I’m experienced in working with SQL for data wrangling and analysis, but have recently started using the Python Pandas library for similar tasks. The thing I really like about Pandas is the ability to (combined with matplotlib) to plot/visualize the data once it’s been successfully curated. Coming from the SQL background, I’ve been approaching problems thinking in terms of SQL. So I’m documenting here some translations between SQL and Pandas’ queries. I’ll try to keep updating this as I continue to use Pandas.

select x from data where y = 'z' data.x[data['y'] == 'z'] select x from data where y like 'z' data.x[data['y'].str.contains('z')] select x from data where y <= n data.x[data['y'] <= n]

## Select

Here are some examples of select statements. Notice the different strategies used to get desired data.

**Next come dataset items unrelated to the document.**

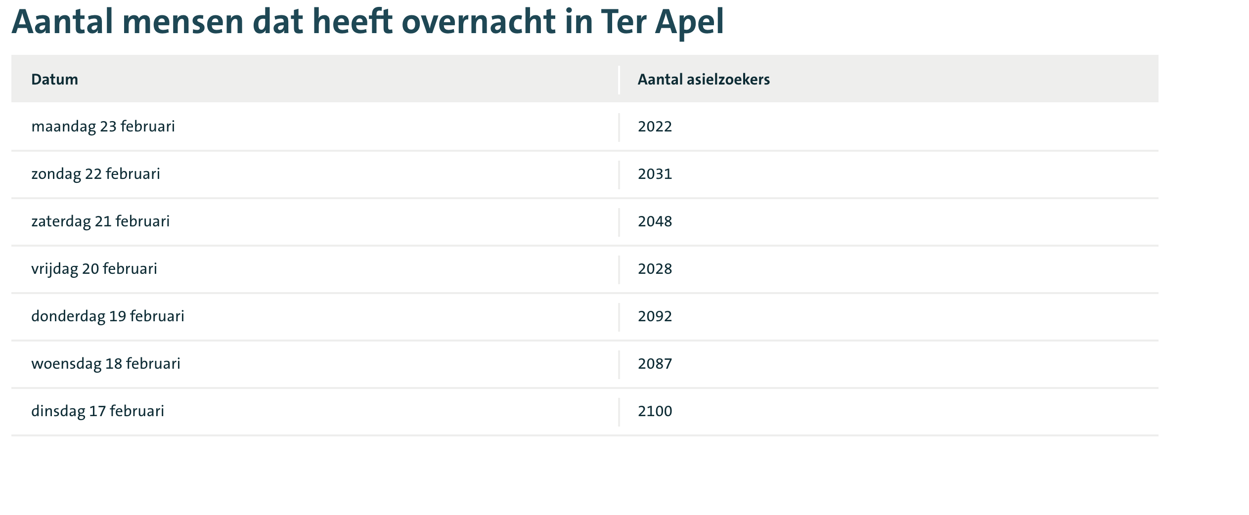 De maximale boete van vijf miljoen euro voor het overvolle aanmeldcentrum in Ter Apel komt snel dichterbij. Het centrum vangt al weken structureel meer dan tweeduizend asielzoekers op. Daarmee overschrijdt het Centraal Orgaan opvang asielzoekers (COA) opnieuw de grens die de rechter heeft gesteld.
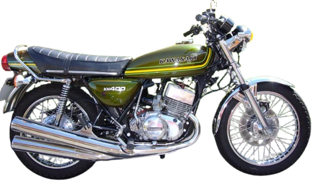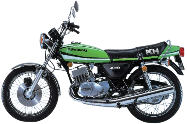 スズキ・GT380やヤマハ・RD350といったライバル勢に対抗すべく、350SS(マッハII)のボアを変更した400SSの電装系を見直し、最高出力38PSとマイルドで扱いやすい性格にしてモデルチェンジしたのが1976年発売のKH400。
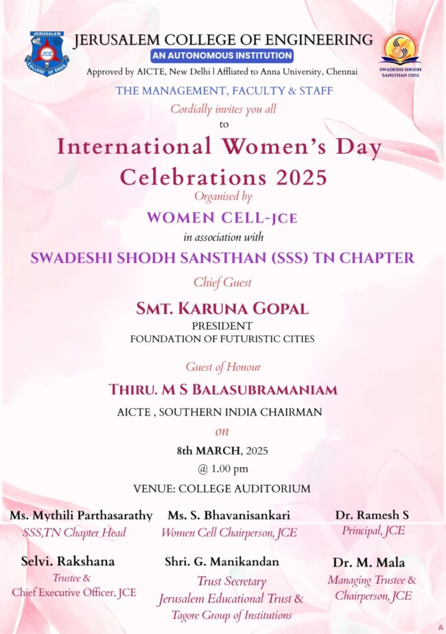 Celebration of International Women’s day at Jerusalem engg college, Chennai. Press release Release 1 Release 2
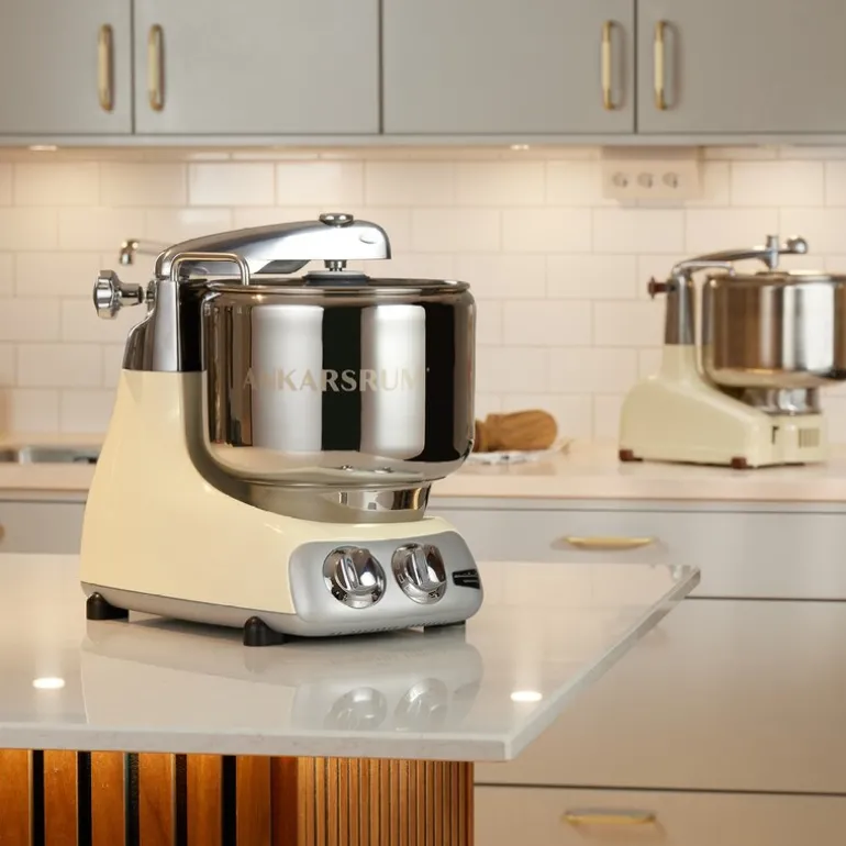 Designet på kjøkkenmaskinen i lys krem er et stilig og ikonisk design, som du gjerne kan la stå fremme på kjøkkenbenken.

These strategies can often be combined.

### Select Single Column

# select x from data where y = 'z'

data.x[data['y'] == 'z']

# select x from data where y like 'z'

data.x[data['y'].str.contains('z')]

# select x from data where y <= n

data.x[data['y'] <= n]

### Select Multiple Columns

# select n columns (the ... is not python code)

data[['col 1', 'col 2', ..., 'col n']]

# select cols 1 & 2 where col 2 is greater than 0

data[['col 1', 'col 2']][data['col 2' > 0]]

# select all columns where col 1 equals 'x' and col 2 is greater than 0

data[(data['col 1'] == 'x') & (data['col 2'] > 0)]